The tragedy of the grey-brown palate is that it doesn’t reflect reality. Speaking as someone who grew up in Hawaii and has hiked World War II battlefields around the Pacific, I can tell you for a fact that Saipan isn’t a dim jungle under a faded denim sky. Pearl Harbor doesn’t have grey water capped with red-shot clouds. The men who hit the beaches at Normandy and Guadalcanal didn’t see the battle through an antique camera lens, they saw the horror and, yes, sometimes the beauty too, through eyes as sharp and color-sensitive as ours. The antique film aesthetic is fundamentally incompatible with games as a medium for one simple reason: In a movie we’re watching history, but in games we’re there. Private Ryan‘s motif assumes that the audience is an observer, but in games, we’re a participant.

There are a few things that can be done about this: The first is to recognize that the idea is tired, outmoded, and not particularly necessary. The second is to realize that World War II was literally that – a World War, with interesting and heroic actions taking place all over the globe. Games have largely neglected The Pacific War, for example, and many of the major actions have gone almost completely unexplored. Saipan has never appeared in a game, and neither has the Burma Campaign or any theater of the Sino-Japanese War. All of these settings would force us outside the geographic box of Fortress Europe and let us see new and colorful things: rainforests, lantern-lit Chinese streets, and the tennis courts and bungalows of the British Raj. We could even (gasp!) play as non-white soldiers: the Chinese National Army, the Indian Assam Rifles, and the famous Nepalese Gurkhas with their vicious curve-bladed kukris. The Pacific offers a new, vibrant setting, fresh weapons, and new protagonists ready for action.

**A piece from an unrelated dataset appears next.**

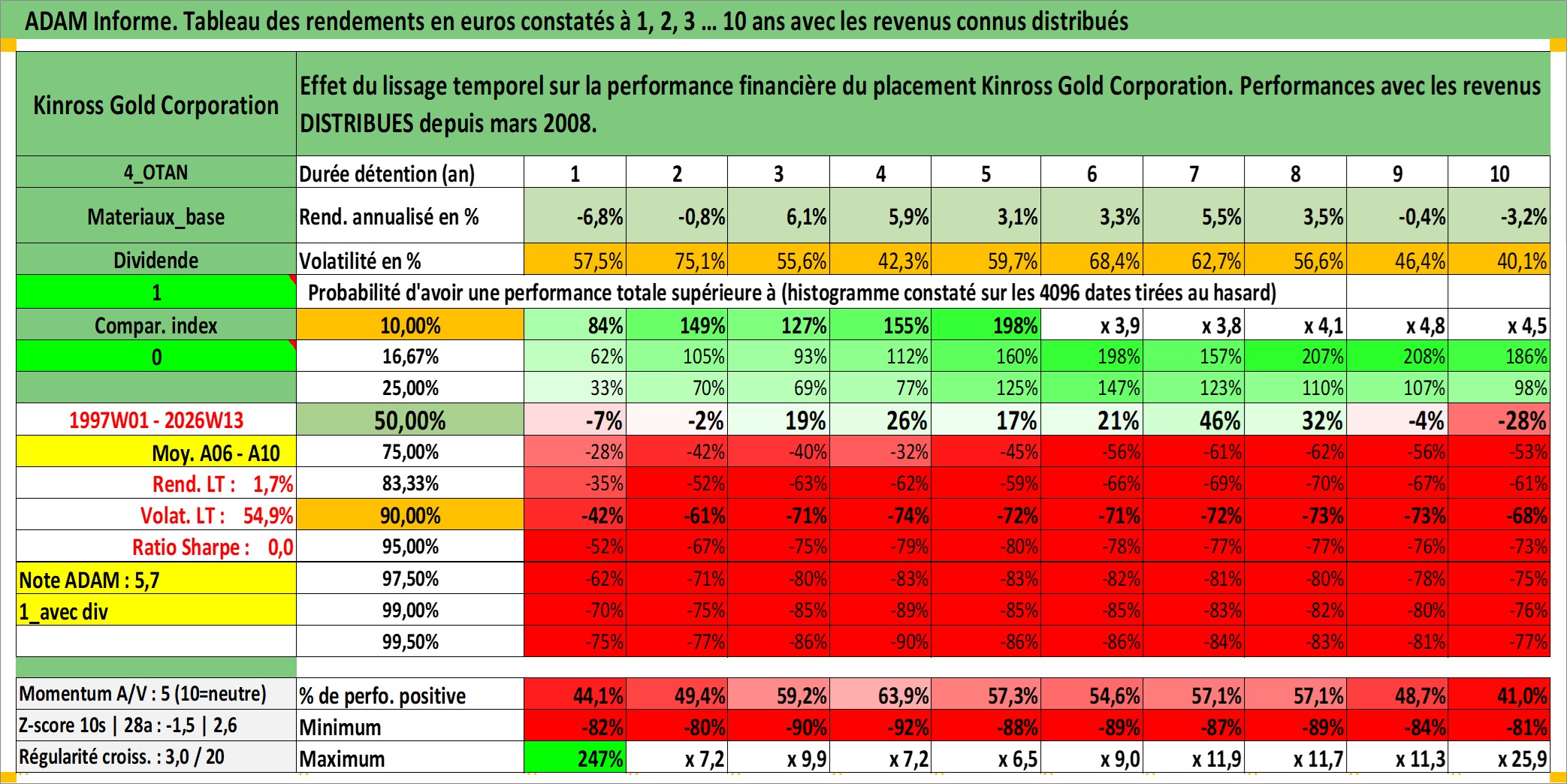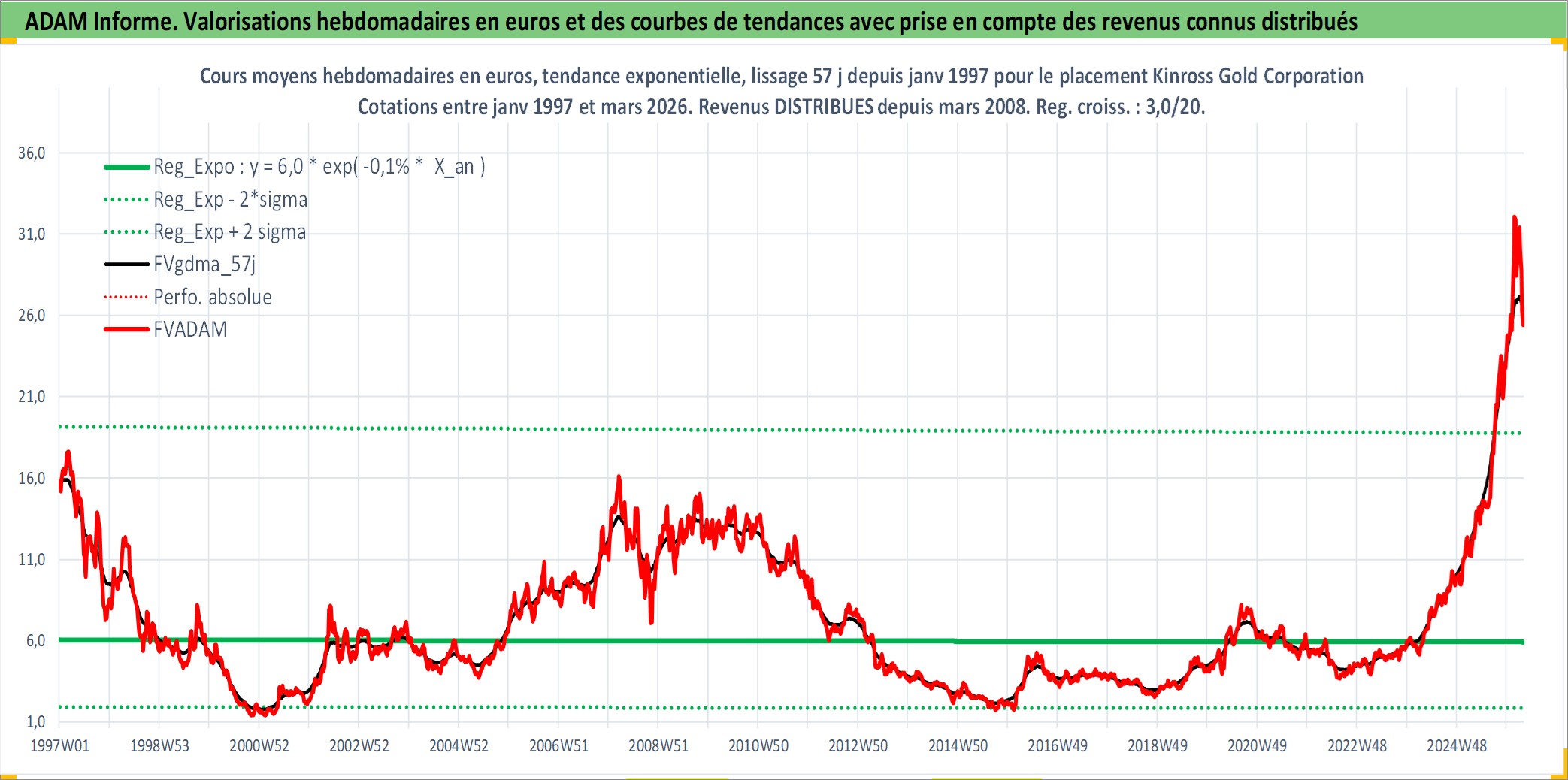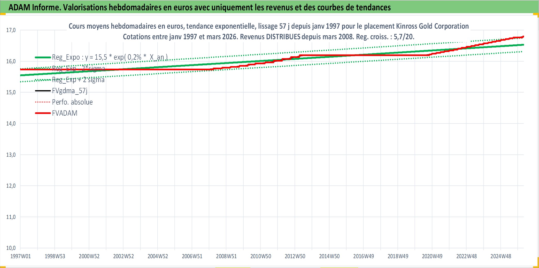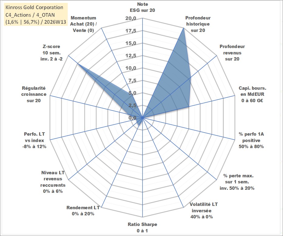 Site dédié aux investisseursPage dédiée sur site financeAnalyse des valorisations hebdomadaires de l'action Kinross Gold Corporation. Cet actif est cote en USD. Les valorisations sont en contrevaleur EURO et couvrent les semaines 1997W01 a 2026W13. Les revenus de cet actif financier sont pris en compte depuis la semaine 2008W12. La note ESG de cet actif n'est pas connue.

Another option is to draw from a greater mix of films. As a contrast to Saving Private Ryan, we might consider Terrence Malick’s The Thin Red Line. While the plot is a bit of a mess, Malick went the opposite direction from Spielberg, emphasizing the sumptuous colors and natural beauty of Guadalcanal (though the film was actually shot in Australia). Malick’s focus on the tropical scenery communicates the possibility of life growing out of human chaos, but it also reflects how out of place the soldiers look in their dull uniforms, trapped between neon green grass and the endless aquamarine of the sea. The wondrous plants and mountains eventually become ominous to these men, an alien landscape where they don’t belong.

We could also simply reject the so-called “grittiness.” Brothers in Arms: Hell’s Highway managed to depict Operation Market Garden with a bright clarity that was extremely welcome, and of the modern shooters, Rainbow Six: Vegas and its sequel used the city’s fluorescent garishness to great effect.

We, as gamers, owe Steven Spielberg a debt of gratitude for blazing the trail with innovative visuals, sound, and mechanics in Medal of Honor. That we are still stuck in the rut he created is, in many ways, a testament to the depth of his footprint. However, enough is enough. Steven created that footprint by innovating, and it’s time we did the same.